150M size SLM built with single GPU

I only used a single Nvidia RTX 3090 GPU to pretrain a 150M Korean Language Model — fully from scratch. Built a tokenizer with SentencePiece, using LatentMoE architecture, gathering datasets and finetuned. Open-source on GitHub and Hugging Face.

There were still many failures throughout this project. To begin with, the computer died. I pushed it far beyond its limit. The main issue was with the power supply. Ironically, I had even written code to pause every 200 steps just to cool things down, but it worsen the problem. So, technically I did stress test on my computer. But the problem didn't stop at hardware. There were plenty of software issues, too. Let me list them out.

In the end, it wasn’t just the machine that broke —I was the one who got pushed to the limits.
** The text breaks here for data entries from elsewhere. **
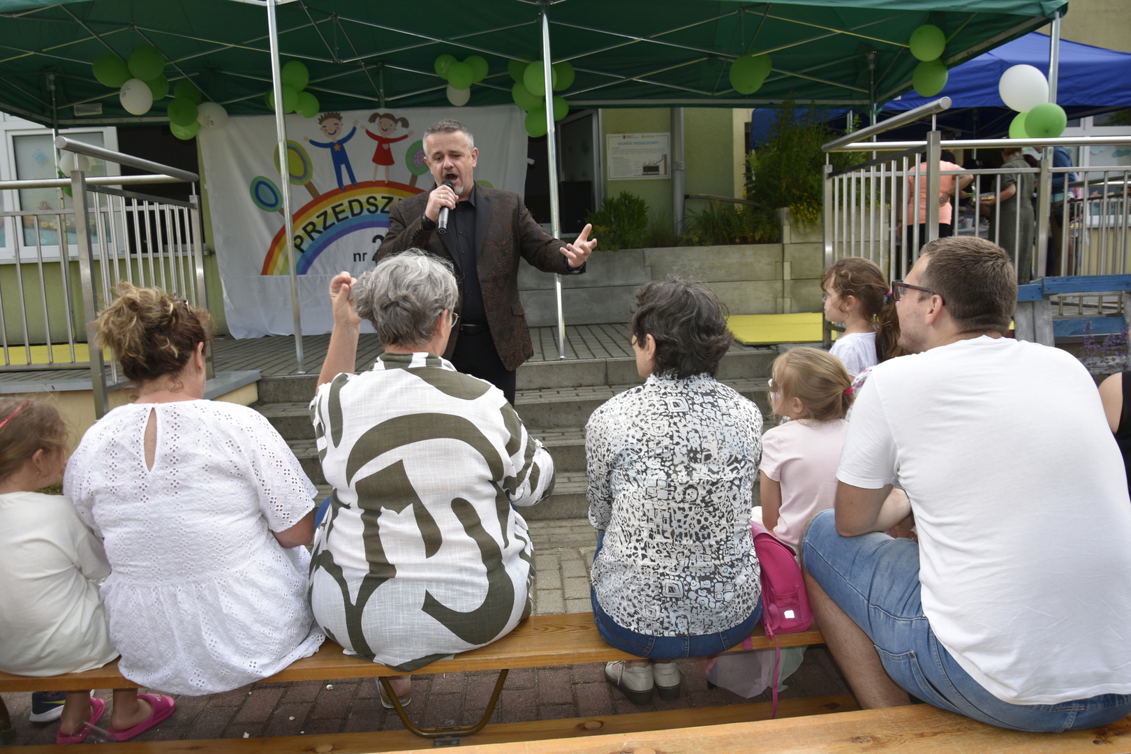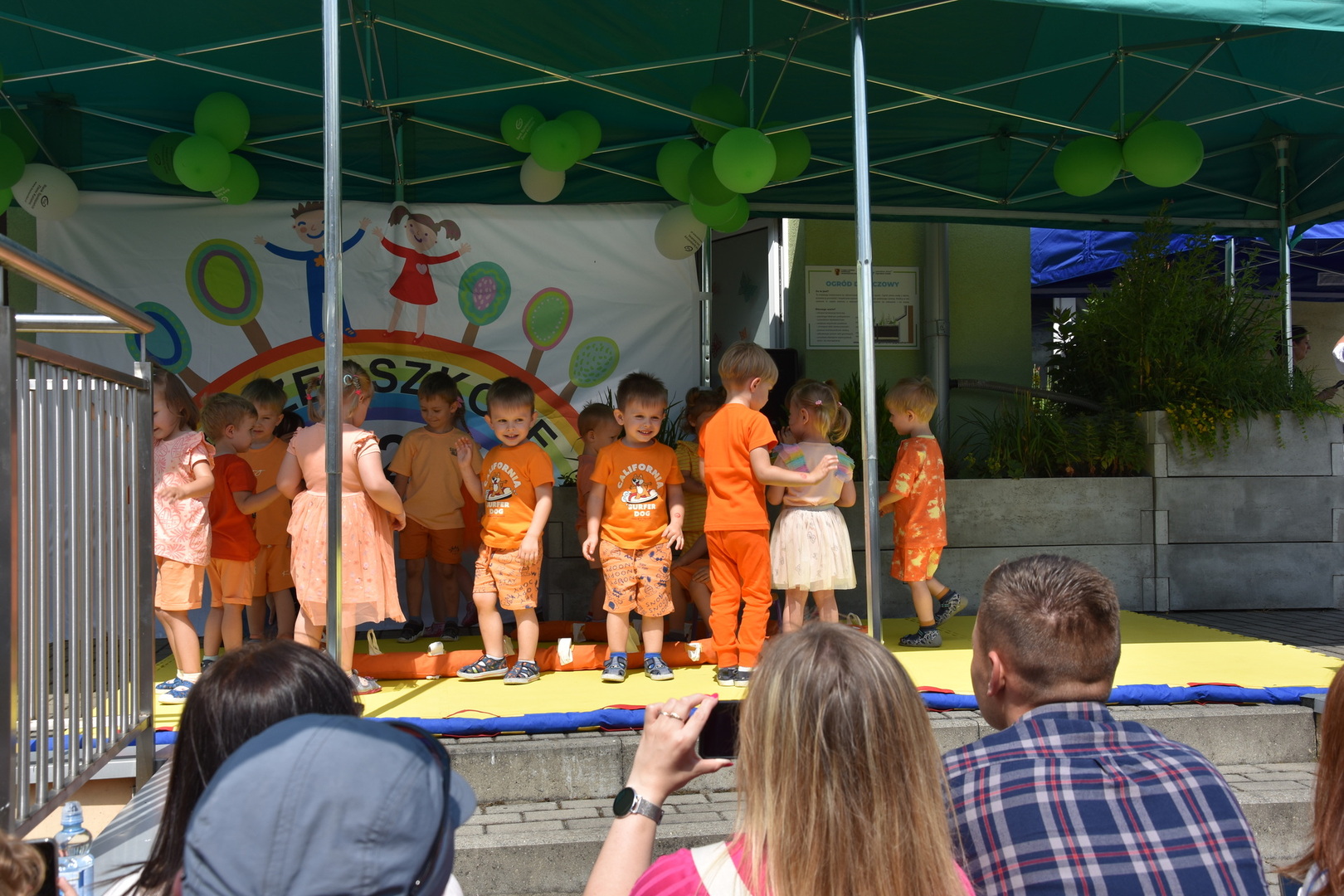 W piątek 7.06.2024 w ogrodzie przedszkolnym odbył się PIKNIK RODZINNY. Impreza rozpoczęła się od występów dzieci, które wierszami i piosenkami pokazały jak bardzo kochają swoich rodziców. Na piknik przybyły całe rodziny, na które czekało moc atrakcji: dmuchańce, konkurencje sportowe i zabawy ruchowe pod okiem Pani Kasi, było tez malowanie twarzy, robienie tatuży oraz koło fortuny. Czas umilał swoim występem Pan Romuald Spychalski. Na pikniku nie zabrakło dobrego jedzenia: kiełbasek, kurczaka i karkówki z grilla,największym powodzeniem cieszyły się pyszne ciasta upieczone przez rodziców. Podczas imorezy pamiętaliśmy również bobasach. To dla nich pod okiem wspanialej siatkarki Pani Małgorzaty Niemczyk zostal zorganizowany bieg.Uśmiechnięte buzie naszych przedszkolaków tych małych i dużych oraz rodziców i dziadków świadczą, że piknik był udany
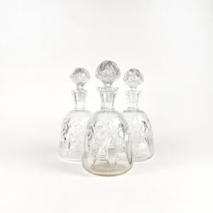 Verre moulé, comprenant: 1 vase, 2 flacons et 1 boîte, H 6 à 15...
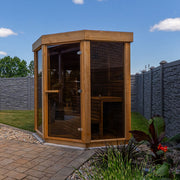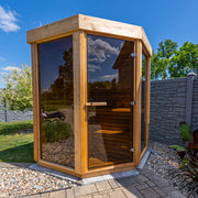 Introducing the Trinity Sauna โ a luxurious retreat crafted from premium Western Canadian clear or knotty red cedar, enhanced with sleek wrap-around bronze glass for a perfect blend of elegance and functionality. Designed as a 5-sided corner model, itโs ideal for small decks, patios, condos, or cottages, while offering the full spa experience in the comfort of your home.
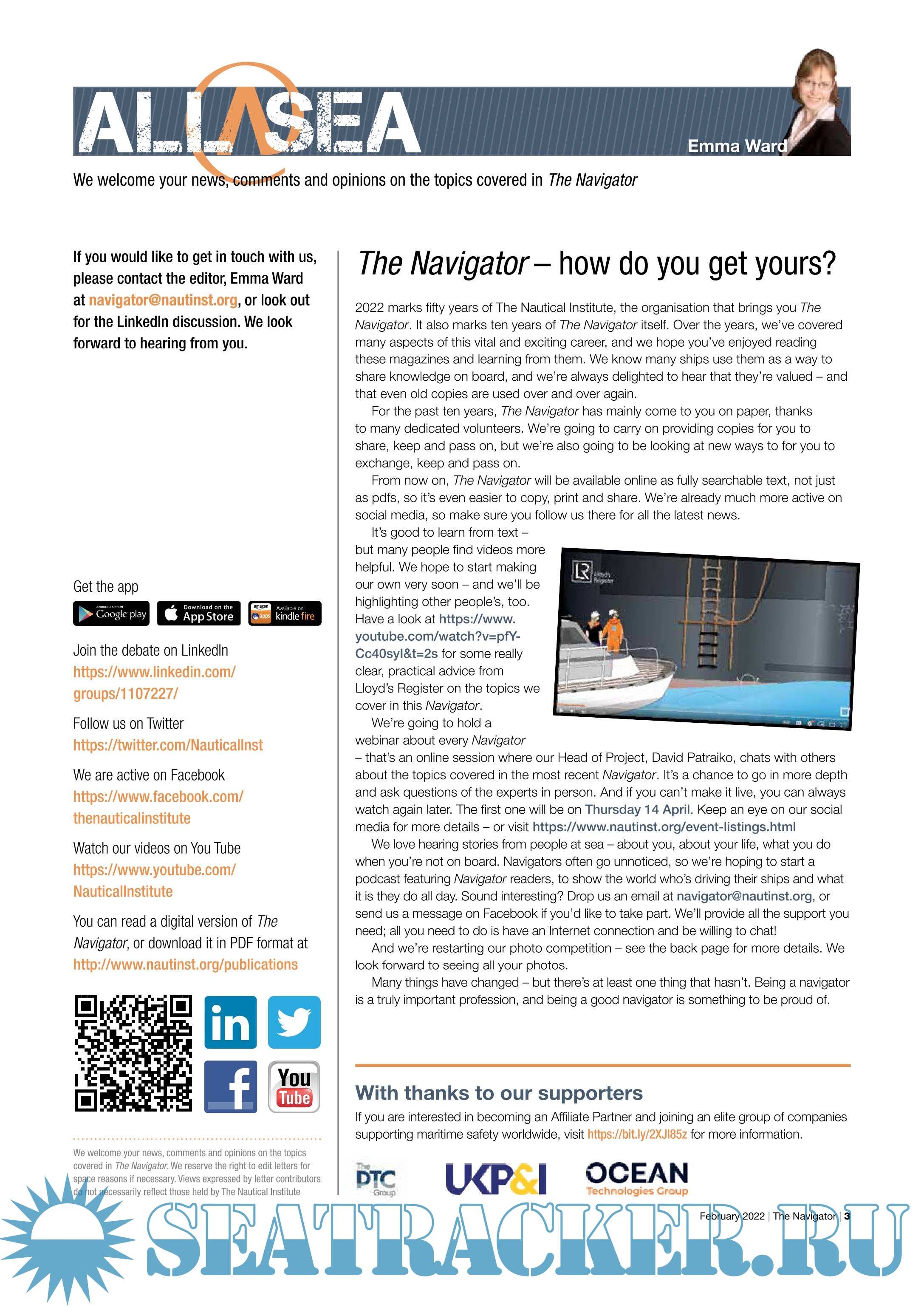Description: The Navigator a FREE publication from The Nautical Institute that champions the role of today's professional marine navigators.
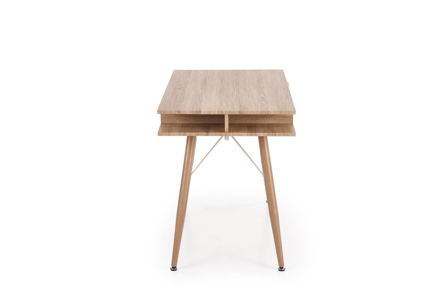 Radni stol Loren s površinom u boji hrasta sonome i bijelim metalnim okvirom praktičan je i moderan izbor za kućne urede. S jednostavnim dizajnom savršeno se prilagođava svakom prostoru.
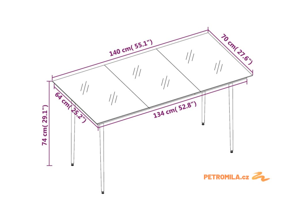 - Rozměry: 140 x 70 x 74 cm (D x Š x V)
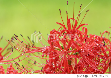 秋雨上がりの光芒に映える美しく開花した彼岸花 彼岸花観光スポット 伊坂区彼岸花の里
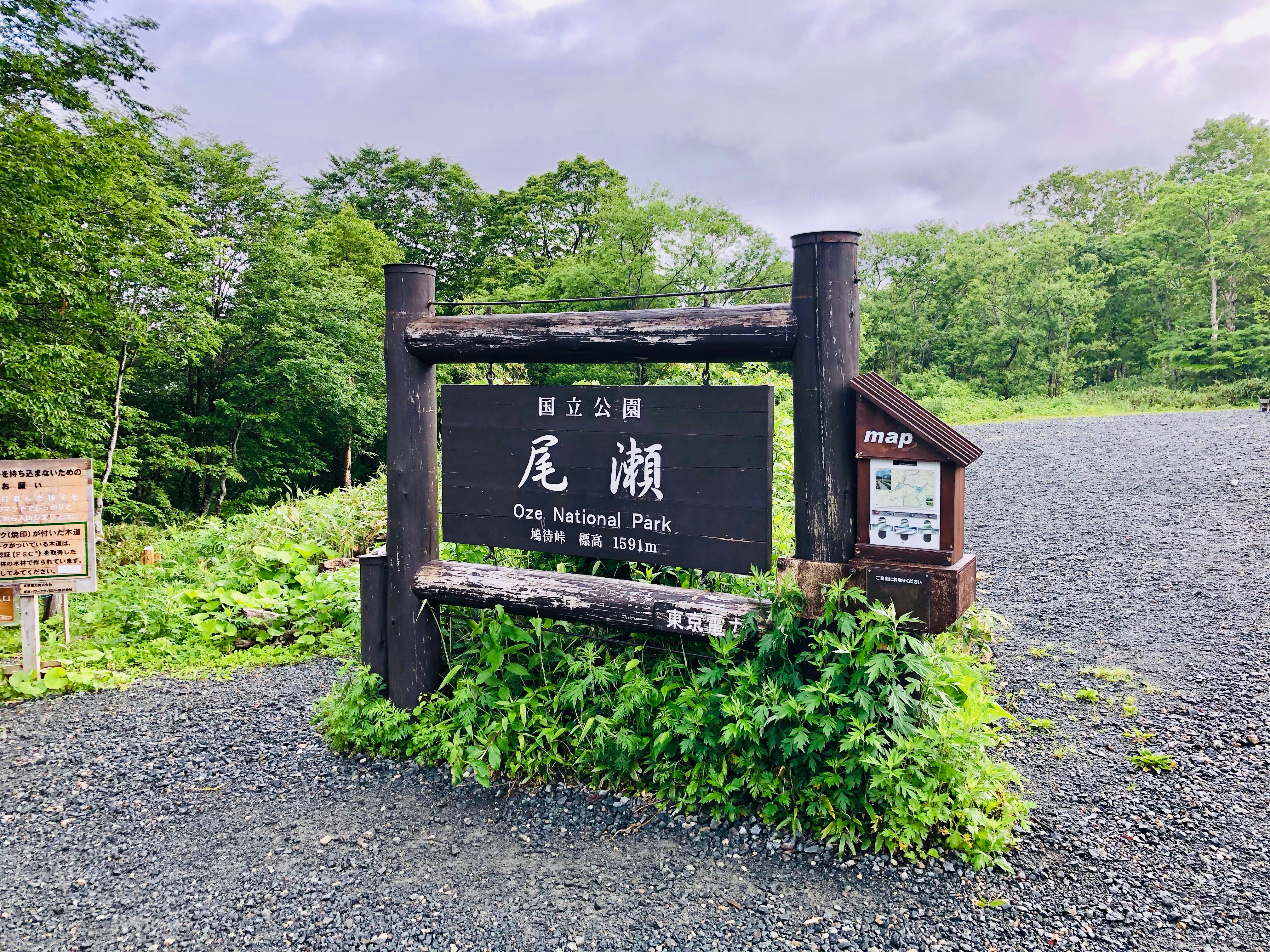 深夜1時頃に到着すると駐車場は3分の1くらい埋まっていた。到着する頃には死ぬほど疲れていたのであっという間に就寝。6時頃起床すると駐車場はかなり埋まっていた。尾瀬の入り口である鳩待峠までは乗り合いタクシーで980円。20分くらい山道を揺られて登山道に入る。予報は雨だが三連休ということでまぁまぁ人多い。

I first followed Deepseek's module and added MoE architecture. Back then, there was no R2 which Deepseek applied the MoE architecture. It is built from scratch and you can find the architecture from my Github. I first pretrained with Korean Wiki and AI hub dataset which is consisted of mainly news. I used SentencePiece to make a tokenizer but, one thought pass through my mind. Korean is super easy to learn but has a massive learning curve. This is because unlike English, Korean has diverse morpheme. So, I decided to make a tokenizer out of morpheme, using Mecab and SentencePiece. Advantage of using morpheme as a tokenizer is first, the model can truely catch the pattern of the grammar of language and can increase the size of the datasets.

Inference Result

I stopped at 5th epoch for pretraining for two reasons. First, validation perplexity started increasing after the 4th epoch, peaking by the 6th. Since perplexity is the exponential of the loss, this indicated that the loss was also increasing. Second, each epoch required around 36 hours to complete. Given that the 4th epoch showed the best validation perplexity, I decided to proceed with fine-tuning this model as a chatbot.

(Although I mentioned it breifly, this stage involved a lot of trial and error. Initially, I attempted to train a 1B model first, but it couldn't run on my GPU efficiently. So changed to 72M, read Chinchilla Scaling Law paper, found the optimal model size that can be pretrained. This took about a month.)

Inference Result

As you can see from the image, the Next Token Prediction is actually not bad. For those who don't understand korean, my prompt was "The president has". Raptor model predicted the next sentence as "promised that 'Through this ceremeony, we will do our best to protect precious lives living in our community.'". You can tell that the model understood how korean works.